Schumer is linked to the new generation that rose to power on Wall Street in the speculative boom of the 1990s. As the Times notes: "Mr. Schumer became a magnet for campaign donations from wealthy industry executives, including Jamie Dimon, now the chief executive of JPMorgan Chase; John J. Mack, the chief executive at Morgan Stanley; and Charles O. Prince III, the former chief executive of Citigroup."

These financial institutions have absorbed the lion's share of the Treasury bailout of Wall Street which Schumer, the congressional Democrats, and Democratic President-elect Barack Obama all supported. Even after the debacle brought on by the speculative frenzy, the senator from New York is still an advocate of a light rein on Wall Street, telling an audience of financial industry bigwigs last month, "You must be sure that regulation does not snuff out the entrepreneurial vigor and financial innovation that drives economic growth and makes financial institutions successful and profitable."

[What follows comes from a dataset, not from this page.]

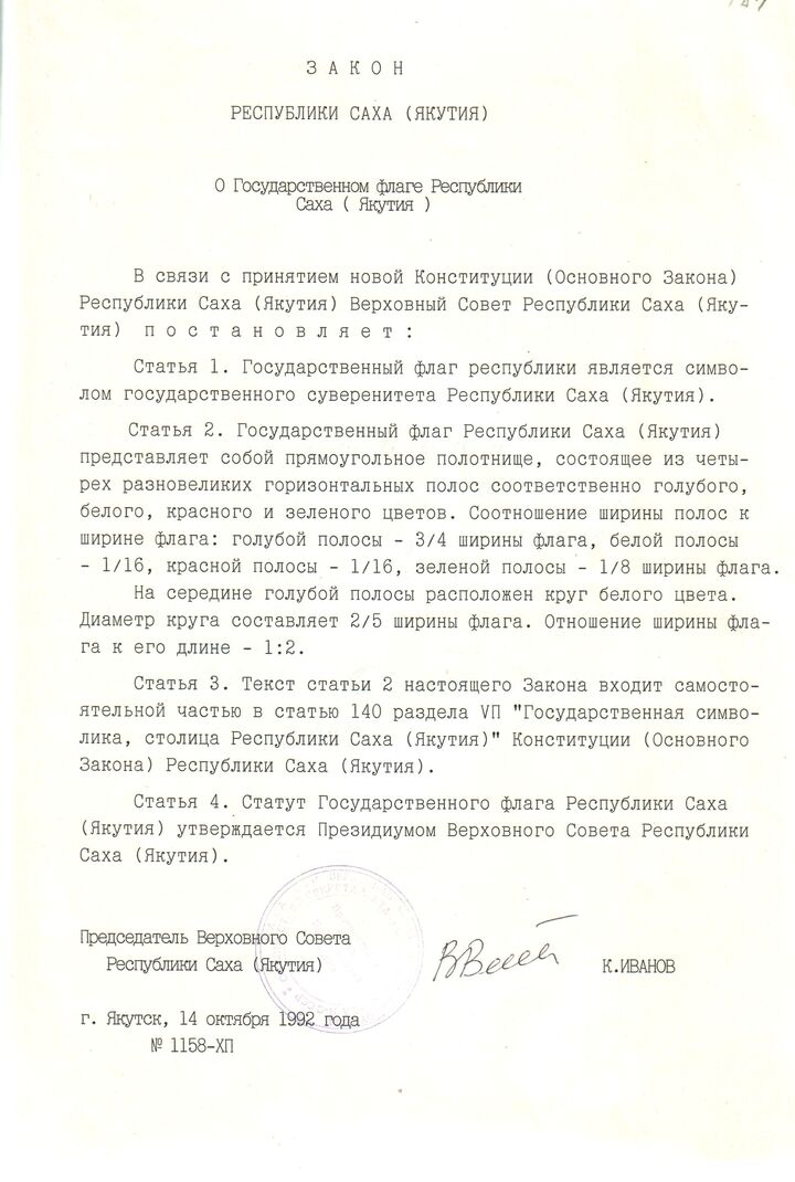 14 октября 1992 г. впервые над зданием Верховного Совета республики был поднят новый четырехцветный флаг Республики Саха (Якутия). Высокая честь водрузить флаг была предоставлена депутатам Тарасу Десяткину, Спартаку Борисову и Николаю Андросову.

Two things differentiate Schumer from Blagojevich. The first is that, unlike the Illinois governor, the New York senator raised money for many of his party's candidates, not just himself. In the inimitable words of Hyman Roth in The Godfather, Part Two, "He always made money for his partners."

Then there is the sheer scale of Schumer's operation, which has raked in over $120 million from Wall Street in recent years. Blagojevich is distinguished not so much by his much-publicized use of four-letter words as by the penny-ante character of his financial aspirations. To the Illinois governor, a $150,000-a-year sinecure for his wife was truly a bonanza. For the New York senator, that is mere petty cash.